Copy ddt. tif tmp. tif
Del ddt. */f/s
Copy tmp. tif ddt. tif
Del tmp. tif

And then start from step 1.

 

Ii. Use

When using the image, you only need to note that for images with a single line and a small number of characters, if not recognized, it is best to add a useless line below and ensure that the line basically reaches the image width.

Note:

In use, the font library may not be found (especially when you uninstall and reinstall tesseract). In this case, modify

The value of HKEY_CURRENT_USER \ Environment \ TESSDATA_PREFIX is the directory where your tesseract is located.

 

 

Iii. Example

Finally, a sample code for tesseract3 in VB. NET is provided.

 

Code

Public Class TessOCR

Dim path As String = My. Application. Info. DirectoryPath & "\ tesseract3 \"

Sub New ()
My. Computer. Registry. CurrentUser. OpenSubKey ("Environment", True). SetValue ("TESSDATA_PREFIX", path)
End Sub

Public Function Tess3OCR (ByVal Rect As Rectangle, ByVal clr As Integer) As String
'Create an image. Note that SourceCopy is used to format images that meet OCR requirements during screen copying. Otherwise, an error occurs or the image is directly disabled.
Dim bmp As Bitmap = New Bitmap (Rect. Width, Rect. Height * 2)
Dim gr As Graphics = Graphics. FromImage (bmp)
Gr. Clear (Color. White)
Gr. CopyFromScreen (Rect. Location, Point. Empty, Rect. Size, CopyPixelOperation. SourceCopy)
'Corrected to black and white characters
For y As Integer = 0 To bmp. Height-1
For x As Integer = 0 To bmp. Width-1
If bmp. GetPixel (x, y). ToArgb = clr Then bmp. SetPixel (x, y, Color. Black) Else bmp. SetPixel (x, y, Color. White)
Next
Next
Dim str As String = IIf (clr = AngleColor, "45.000000", "0.000000 ")
Gr. DrawString (str, New Font ("Arial Black", 14), Brushes. Black, 0, Rect. Height)

Bmp. Save (path & "tmp. tif", System. Drawing. Imaging. ImageFormat. Tiff)
Shell (path & "tesseract" & path & "tmp. tif" & path & "tmp-l ddt digits", AppWinStyle. Hide, True)
My. Computer. FileSystem. DeleteFile (path & "tmp. tif ")
Dim ret As String = My. Computer. FileSystem. ReadAllText (path & "tmp.txt"). Split (vbCrLf) (0)
My. Computer. FileSystem. DeleteFile (path & "tmp.txt ")
Return ret
End Function
End Class

 

 

In the new function of the code, I modified the registry to prevent errors. A better way is to record the original value and restore it when the class is destroyed. Then I pointed out some problems that may exist during screen replication. Of course, if you are using the verification code, you don't have to worry about it. Then, we make a simple correction for the image. It should be noted that the image must be corrected to a white or black character. Otherwise, the image will not be recognized. Then, I added a line of useless text below and processed it properly when the returned value was returned. Note that the last parameter of the shell function indicates that the process is waiting for completion. If you want to use it in vb6, here we need to use APIs to implement wait-instead of using sleep and other timed wait functions, which will make your program not robust enough.

Contact Us

The content source of this page is from Internet, which doesn't represent Alibaba Cloud's opinion; products and services mentioned on that page don't have any relationship with Alibaba Cloud. If the content of the page makes you feel confusing, please write us an email, we will handle the problem within 5 days after receiving your email.

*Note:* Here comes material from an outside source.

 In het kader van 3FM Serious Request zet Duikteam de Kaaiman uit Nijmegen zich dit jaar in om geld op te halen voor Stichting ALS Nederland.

If you find any instances of plagiarism from the community, please send an email to: info-contact@alibabacloud.com and provide relevant evidence. A staff member will contact you within 5 working days.

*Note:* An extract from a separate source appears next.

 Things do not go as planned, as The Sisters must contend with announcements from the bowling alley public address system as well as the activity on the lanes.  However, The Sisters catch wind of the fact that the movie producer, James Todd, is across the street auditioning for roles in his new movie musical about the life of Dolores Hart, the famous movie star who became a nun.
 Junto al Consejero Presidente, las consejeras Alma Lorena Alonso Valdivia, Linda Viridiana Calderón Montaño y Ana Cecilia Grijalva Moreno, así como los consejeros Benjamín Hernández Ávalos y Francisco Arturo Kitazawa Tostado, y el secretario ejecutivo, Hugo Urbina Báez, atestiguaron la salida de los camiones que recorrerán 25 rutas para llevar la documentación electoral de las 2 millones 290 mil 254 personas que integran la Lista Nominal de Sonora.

A Free Trial That Lets You Build Big!

Start building with 50+ products and up to 12 months usage for Elastic Compute Service

  • Sales Support

    1 on 1 presale consultation

  • After-Sales Support

    24/7 Technical Support 6 Free Tickets per Quarter Faster Response

  • Alibaba Cloud offers highly flexible support services tailored to meet your exact needs.